Bulgarian film director and screenwriter (born 1975)

Kamen Kalev (Камен Калев) (born 8 June 1975) is a Bulgarian film director and screenwriter. Kalev came to prominence in 2009 with the film Eastern Plays, earning him numerous international film awards as director and screenwriter.

After graduating a high school in his hometown Bourgas, Kamen Kalev spent two years in Krastyo Sarafov National Academy for Theatre and Film Arts in Sofia, Bulgaria, studying at first photography, and then switched to cinematography. During his sophomore year he continued his education in moviemaking in the French state film school La Fémis in Paris. Kalev graduated Le Département Image in 2002.

==Early works==
As an author of short films, Kamen Kalev participated in numerous movie competitions and film festivals, earning some international recognition. He is also the author of more than sixty music videos and commercials.

In 2005 and 2007, along with co-author Dimitar Mitovski, Kamen Kalev presented two short films at the Cannes Film Festival––Get the Rabbit Back and Rabbit Troubles.

==Feature films==
Kalev's first feature film, Eastern Plays, had its premiere on 6 October 2009 in Burgas, and was first shown at the Sarajevo Film Festival. It was the first Bulgarian film to be selected for the Cannes Film Festival since 1990. The film participated in the Film Festival's Directors' Fortnight's official selection.

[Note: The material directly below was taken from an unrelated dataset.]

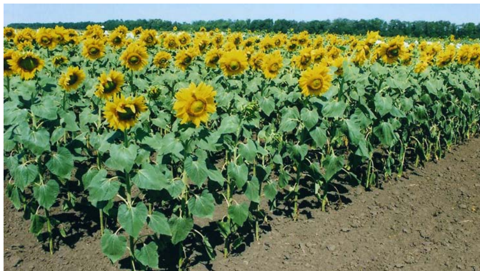
Figure 8: Hybrid "Goryanin" developed from the crossing 4558 A \times 12004 R

After long individual selection mutant lines 12002 R, 12003 R and 12004 R were developed and tested for their combining abilities. The results from three-year testing of lines 12002 R, 12003 R and 12004 R revealed very good combining abilities in hybridization. The line 2607 A and 4558 A (sterile analogues of the Bulgarian inbred lines) were used as a tester.

Although it did not win an award, the film gained high praise and the afterwards received many awards from international film festivals, becoming one of the most awarded Bulgarian films. As well as being screenwriter and director of Eastern Plays, Kamen Kalev co-produced the movie along with Stefan Pirjov through their partnership production company Waterfront Film. Other film production houses that co-produced the movie were 'Chimney Pot', the Swedish 'Film i Väst' and 'Art Eternal' (Bulgaria).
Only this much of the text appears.